Traffic was a faint distant mutter in the room. He had one bug left and he was trying to decide where to put it when he heard a car stop just outside, a door thud shut, shoes come up the walk with authoritative stride. Spode’s hair rose.

He waited for the doorbell to ring because if it rang then this wasn’t Trumble coming home. But it didn’t ring and when he heard the key go into the lock he wheeled and went back through the house.

Before he reached the closet he heard the front door open. Footsteps came inside and he knew he couldn’t climb up into the attic without making noise. He would have to sneak out after Trumble went to bed. He spoke a silent oath and darted across the hall into the guest bathroom; closed the door and flicked the pencil torch around to orient himself so he wouldn’t go banging into anything. When his eyes had memorized the room he switched off the light and stood breathing shallowly through his mouth, listening.

Footfalls moved around but there was something odd here. The feet went from room to room, pausing now and then but never settling down. Somebody was searching the house and it wasn’t Trumble because Trumble would have turned lights on.

Spode felt the stir of his blood. If the man was armed and surprised him here it could be trouble.

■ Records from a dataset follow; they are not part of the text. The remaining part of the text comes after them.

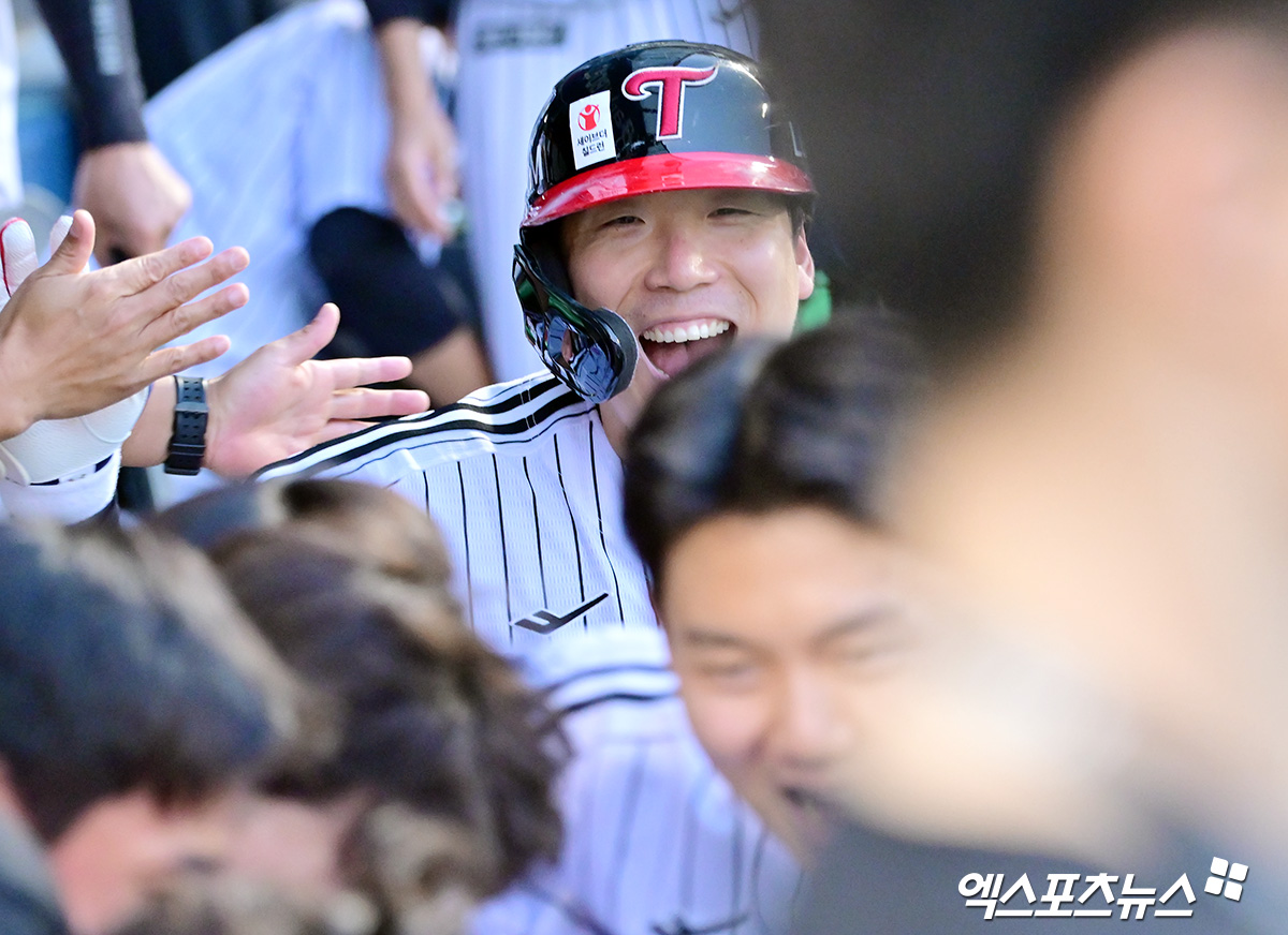 (엑스포츠뉴스 잠실, 김한준 기자) 28일 오후 서울 송파구 잠실야구장에서 열린 '2025 신한 SOL Bank KBO리그' 한화 이글스와 LG 트윈스의 경기, 4회말 1사 LG 김현수가 솔로 홈런을 날린 후 기뻐하고 있다.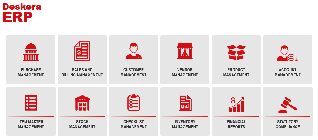 - Deskera ERP (Accounts, Finanace, Inventory management)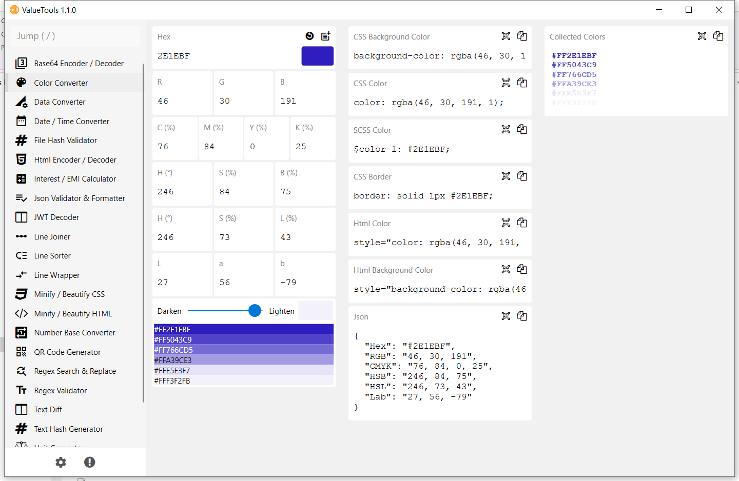 Get Base64 Converter, Color Converter and Palette Creator, Regex Validator, Regex Search and Replace, Json Lint and other powerful tools, that all work offline in a single app.

He wrinkled his brain trying to remember whether he’d seen anything here that might make a weapon. A faucet dripped relentlessly.

Somebody—one of Trumble’s endless string of women—had left a jar of cold cream on the shelf above the sink. Spode wrapped it in a guest towel and twisted the towel ends to make a handle.

The intruder was looking for something big because he wasn’t opening drawers and cabinets. Maybe he had been keeping surveillance on the house, had seen Spode and was now searching for him. But Spode had been trained to spot that kind of thing and there hadn’t been any sign of watchers on the street or in the shrubbery. A neighbor from another house? But he’d arrived in a car.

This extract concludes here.